And gawd if that doesn’t get my boxers in a twist.
Especially since, let’s be honest, I fetishize the theorization of gender a little bit (or, um, maybe a lot), so the verbal explanation of gender and sexuality that femmes are pretty much required to do (because the sex-gender assumption is so strong) is all the more hot to me, and even sometimes MORE valid than the androgynous or rejection of femininity presentation of many other dykes and queers. Because, I mean, your strappy sandals are really hot, don’t get me wrong, but if you can’t use words to talk about femininity and sexuality and dykeness and a claim to queer culture and an acknowledgment of the complications of living in a culture which heteronormatizes femininity, are you going to get my blood pumping? Probably not. The femininity without the intention behind it is less appealing – to me, personally – than the ability to explain it.
From what I can tell, the issue of femme invisibility is at least threefold: visibility to straight folks, visibility to queer folks, and visibility to femmes themselves.
Passing: In/visibility to the Straight World
Not being seen as queer and recognized as radical by straight folks is a common complaint I hear from femmes. There is an added burden of constantly having to come out verbally, constantly having to remind the folks around you that you are queer, constantly having to deflect and defend yourselves against unwanted straight male attractions, since in this culture the display of femininity is presumed to be for the attraction of men, men’s gaze, men’s sexual advancement. It is seen as an invitation to being hit on, in fact. A girl out on the town and all dressed up in heels, dresses, lipstick, must be trying to “catch a man.” Of course, this isn’t true. Whoever this girl is, she could be wearing those things for all kinds of reasons, for her boyfriend, for her friends, for herself, for her wife.
And this is constant. Walking down the street, catching a cab, on the subway, at work, at a party, at a play, at a concert, in a bar – everywhere a femme goes, her femininity is assumed to be for men and to attract a man.
(This is also, in fact, one of the reasons femme-ness is subversive, and feminist: it re-creates femininity not as a tool to catch men, but as an authentic mode of expression for onesself and for queerness, disrupting this idea that femininity is “natural” for women.)

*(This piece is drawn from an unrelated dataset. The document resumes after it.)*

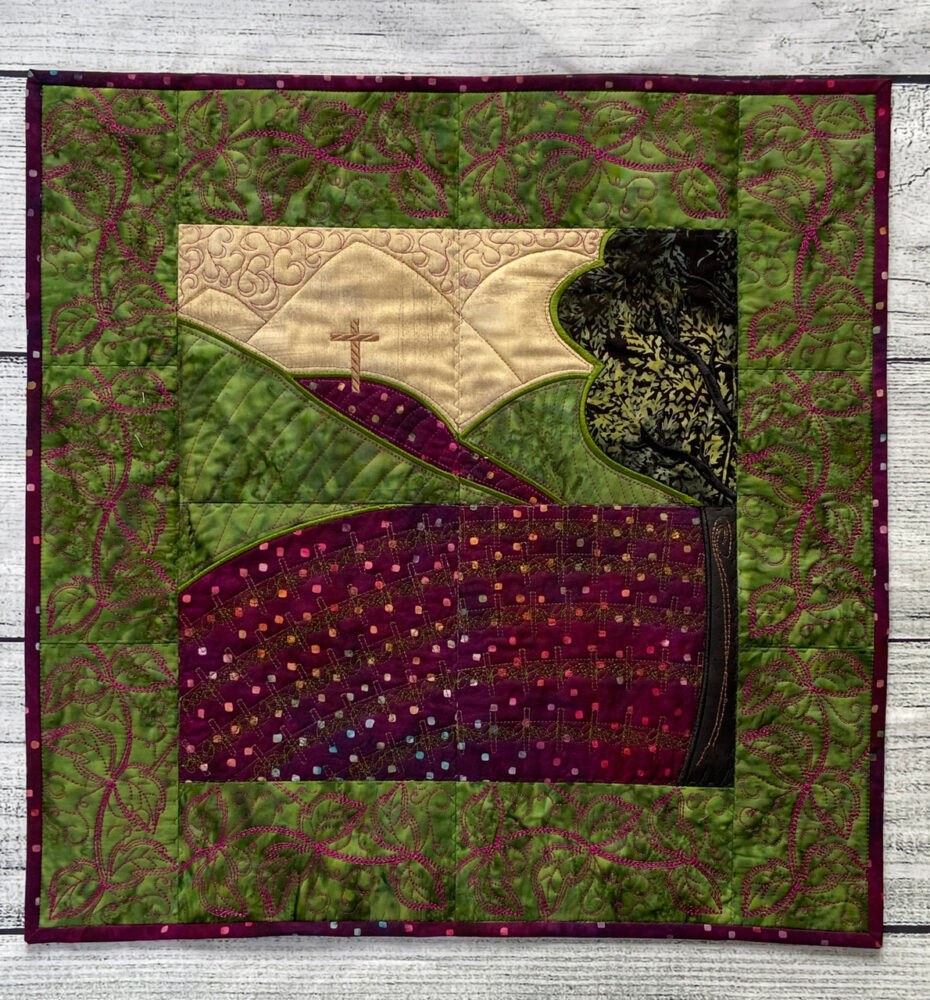 Beautiful vine boarder surrounds a vineyard hillside landscape with a beautiful tree and cross. The cross is the last step and optional. It can be left off.

This is also called “passing,” and though I have had femmes tell me they like that they get to hear what people say when they don’t know someone gay is listening, I think generally passing carries with it a great burden, not privilege. The burden is that of constantly coming out, constantly having to argue with folks, constantly having to defend one’s orientation as gay when the sex-gender assumption does not line up.
There is also, as some femmes have mentioned to me, the problem that, after coming out verbally to someone (especially a man who is attempting to hit on you), you are sometimes in more danger than you were before, or than someone masculine- or androgynously-presenting is, because the person feels “tricked.” (I’ve written about this before, a little.) This defense is often cited in trans hate crimes, also – this notion that the trans person was presenting some other way than how they “really” are, therefore the hater was “duped” in some way.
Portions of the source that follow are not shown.